И, выйдя из переулка, узнал дебоширов. Господин судебный исполнитель, а с ним этот… как его… свояк секретаря управы… домой, видать, направляются… Домой изволят идти…
Глянул он еще раз им вслед, подумал-подумал немного — и повернул назад, в переулок.
Тем временем Маришка тоже вышла из лавки. «Ну и ну!..» — удивилась она, чуть не растянувшись прямо у выхода: совсем позабыла, что тут еще две ступеньки. Нельзя описать словами, как она себя чувствовала. Казалось ей, что, пока она была в лавке, на улицу опустился туман и туман этот тихо звенел, вроде бы пел даже. С детских лет еще помнила Маришка песню одну, про деву Марию и про дитя ее, младенца Иисуса, и вот сейчас эта песня звучала в ней, где-то совсем глубоко, и звучала вокруг нее, в воздухе, и слова в ней были все перемешаны: и ясли, и Яника, и сапожки, и пастухи, и блестящий талер. Если б не знала она, что горло ее осипло давным-давно, пожалуй, запела бы тоже, прямо сейчас. И в третий раз прояснился в ее голове божий промысел. Не удержалась она, чтобы снова не вынуть талер. Посмотрела, как он сияет в ее ладони, и опять возвела глаза к небу:
— О господь наш всемилостивейший, на небеси восседающий, не оставляешь ты в горе несчастных рабов твоих. Ведь опять же, зачем? О, зачем не позволил ты мне разменять этот талер, если не из великой благости своей? Пускай весь, нетронутый достанется он мальчонке. Снова дал мне бог вкусить от щедрости своей. О чудо небесное! О драгоценный господь наш спаситель!.. Привалилась она на минутку к каким-то воротам, чтобы всласть помолиться. А когда молитву закончила и собралась идти дальше, не отпустили ее ворота. Удержали, будто невидимым клеем: только хочет она идти, сразу обратно валится, и опять валится, и опять…
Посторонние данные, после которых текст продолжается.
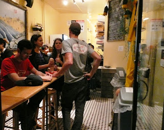 Ambiente: a lanchonete é minúscula e tem apenas dois apertados balcões com bancos para os sortudos que conseguirem sentar. Não foi o nosso caso. A opção foi comer na porta da lanchonete, em pé. Não há nem mesmo local para você apoiar a cerveja neste caso.
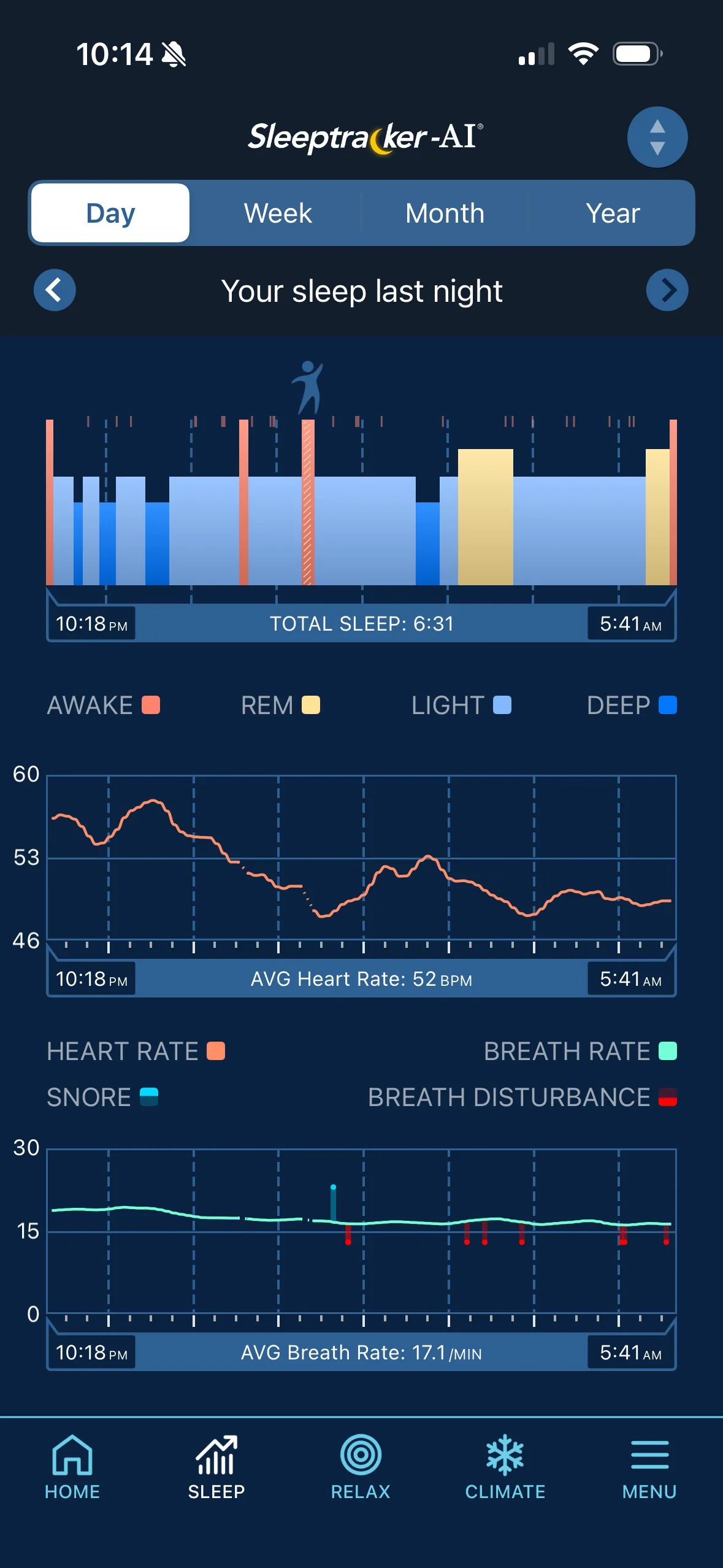 Você pode obter uma visão geral rápida dos estágios do sono alcançados com um gráfico de pizza mostrando alterações na frequência respiratória, variabilidade da frequência cardíaca, despertares e se você atingiu suas metas de sono. E essa é apenas a visão geral. Na aba “Sleep” do aplicativo, os dados são muito mais extensos, detalhando os pontos de dados gerais em gráficos, tabelas e métricas numéricas. Muitos desses dados se repetem nas visualizações, mas apreciei a variedade de recursos visuais que explicavam o que eu estava fazendo bem e o que precisava ser melhorado. Com o tempo, o aplicativo fornecerá detalhamentos diários, semanais, mensais e anuais de seus dados de sono.
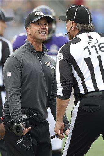 Baltimore Ravens head coach John Harbaugh argues with side judge Mike Weatherford (116) during the first half of an NFL football game against the San Diego Chargers in Baltimore, Sunday, Nov. 1, 2015. (AP Photo/Nick Wass) The Associated Press
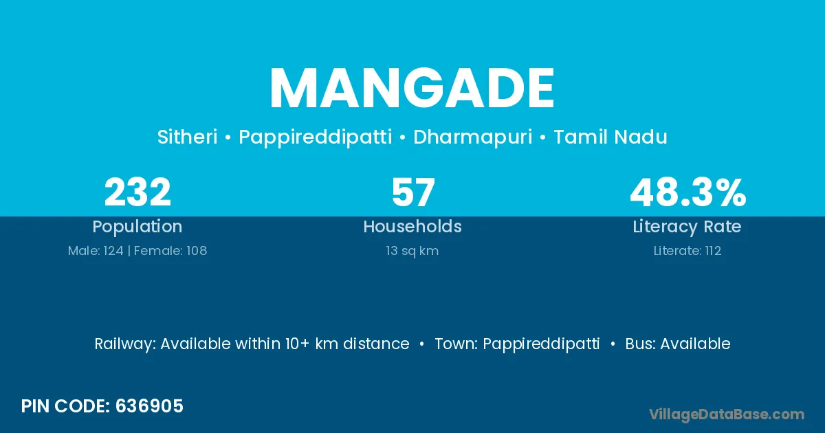 Pappireddipatti is the nearest town to Mangade village for major economic activities
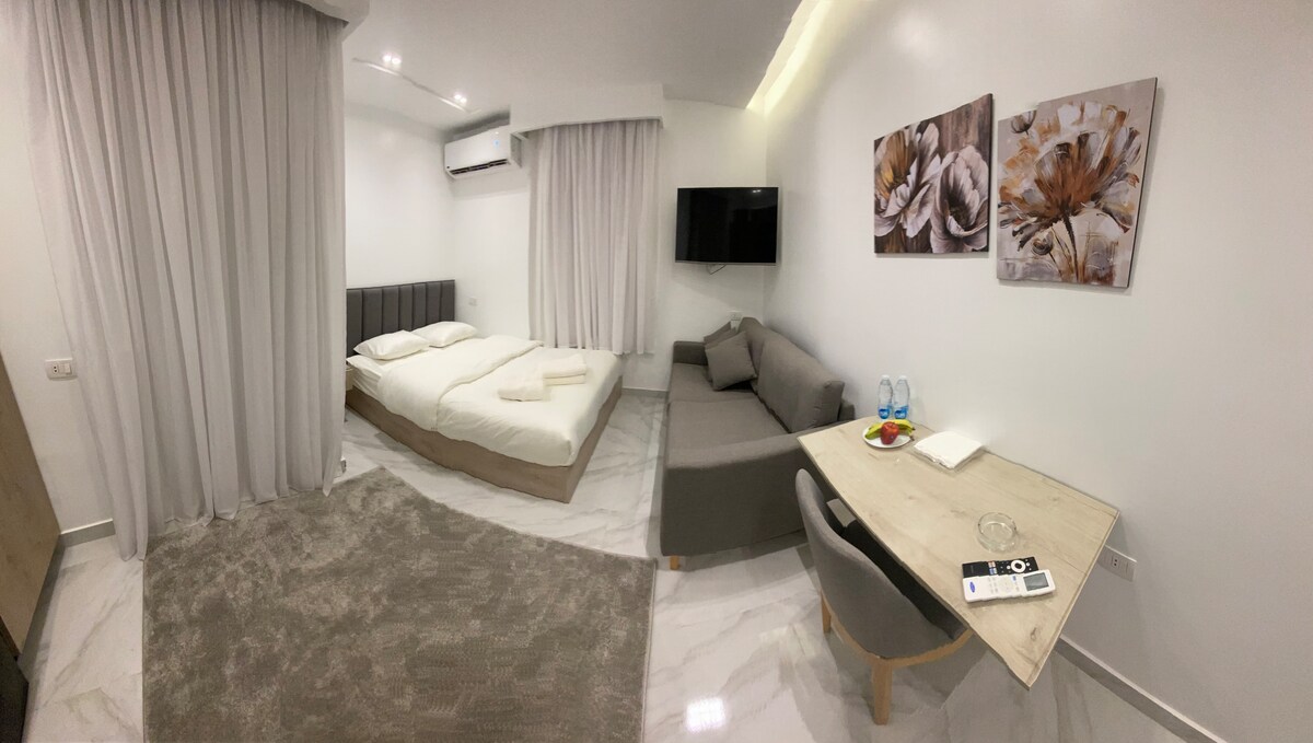 Bu füsunkar studiya mənzili Nil, məşhur restoranlar, mağazalar, muzeylər və görməli yerlərdən bir neçə addım aralıda, şəhərin mərkəzində yerləşir. Bu rahat və rahat yerləşən studiya şəhərin enerjisini təcrübədən keçirmək istəyən tək səyahətçilər və ya cütlüklər üçün idealdır. Bu gün qonaqlamanızı bron edin
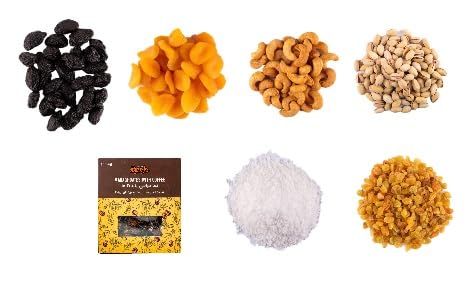 عام - كرتونة مكسرات رمضان من حاج عرفه (7 أنواع_ 2.200 كجم) فستق وكاجو ومشمش وقراصيا وزبيب وجوز هند وتمر مراقي بالقهوة
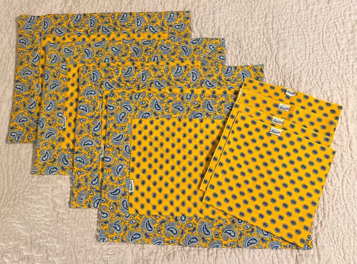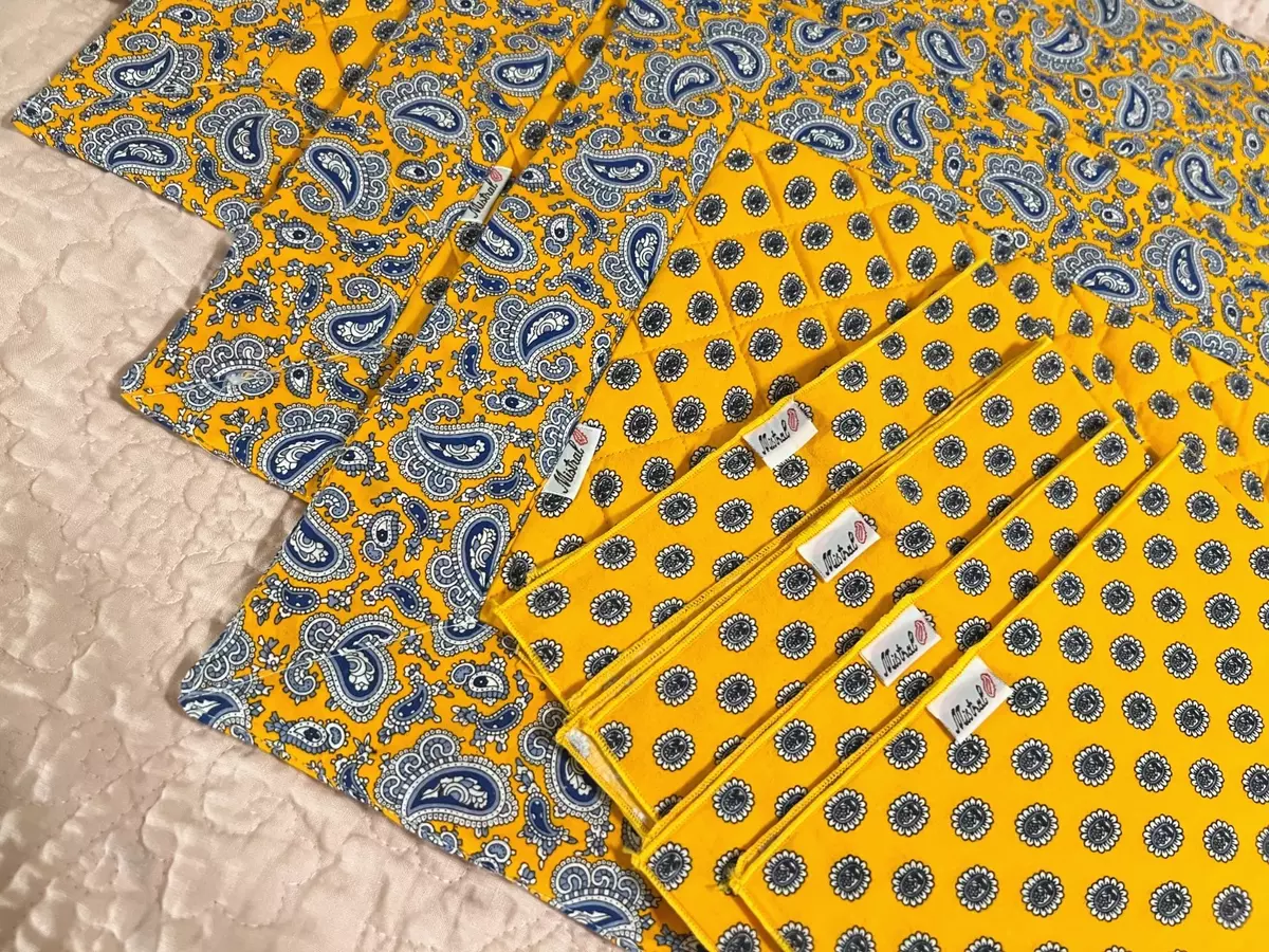 Size/Measures: Placemat 13.5" x 18" Rectangle, Napkin 17.5" Square.
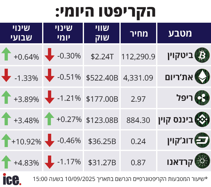 לאחר שאמש (שלישי) נרשמה מגמה חיובית, שוק מטבעות הקריפטו מציג היום (רביעי) מגמה שלילית, זאת מלבד מטבע הביננס קוין שגדל ב-0.27%. מטבע הביטקוין ירד ב-0.30%, שווי השוק שלו עומד על 2.24 טריליון דולר והוא נסחר במחיר של 112,290.9 דולר. במהלך השבוע, המטבע עלה ב-0.64%.
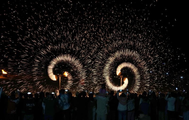 في الصورة الملتقطة فنانون شعبيون يطيرون الحديد المنصهر لتشكيل ألعاب نارية في هاييانغ بمقاطعة شاندونغ شرقي الصين.
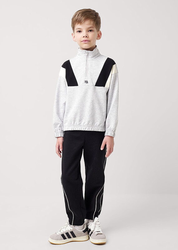 Толстовка в стиле колор-блок из мягкого трикотажа идеально подойдёт для активного отдыха и повседневных образов! Контрастные вставки в области плеч, воротник - стойка с укороченной молнией. Сочетай модель с брюками из новой коллекции и будь в тренде!
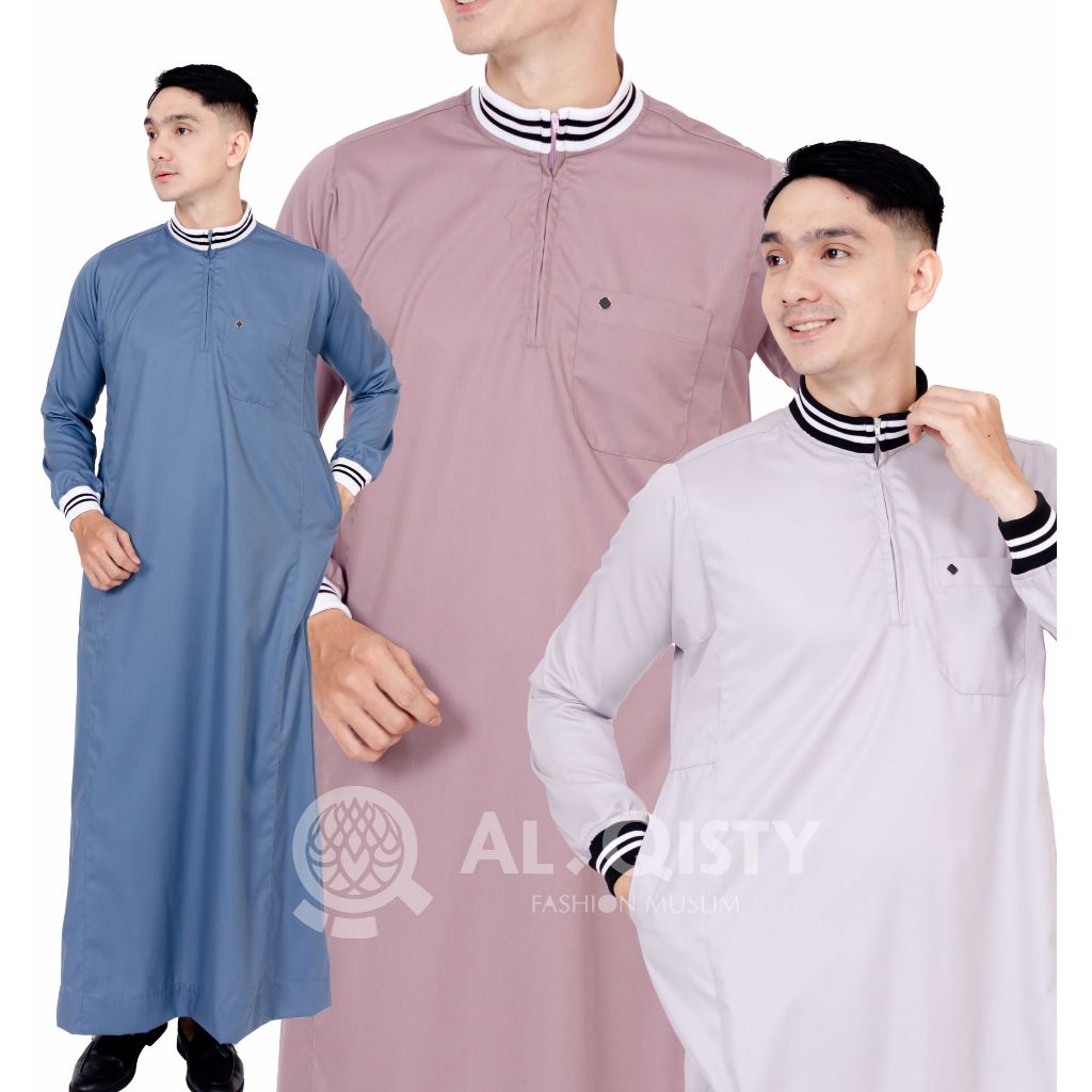 TERLARIS Jubah Rib Zipper Gamis Muslim Pria Slimfit Dewasa

А жандарм тем временем снова вышел из переулка, «Ага — подумал он, увидев Маришку, — все-таки есть кое-что…» Улов правда, не бог весть какой, да все равно он уже собрался в участок, погреться, в утреннюю газету к ефрейтору заглянуть, а так по крайней мере и повод будет.
Словом, опять Маришка в каталажку попала. На этот раз была она там одна. Только пригрелась было и задремала чуть-чуть в уголке, как входит ефрейтор.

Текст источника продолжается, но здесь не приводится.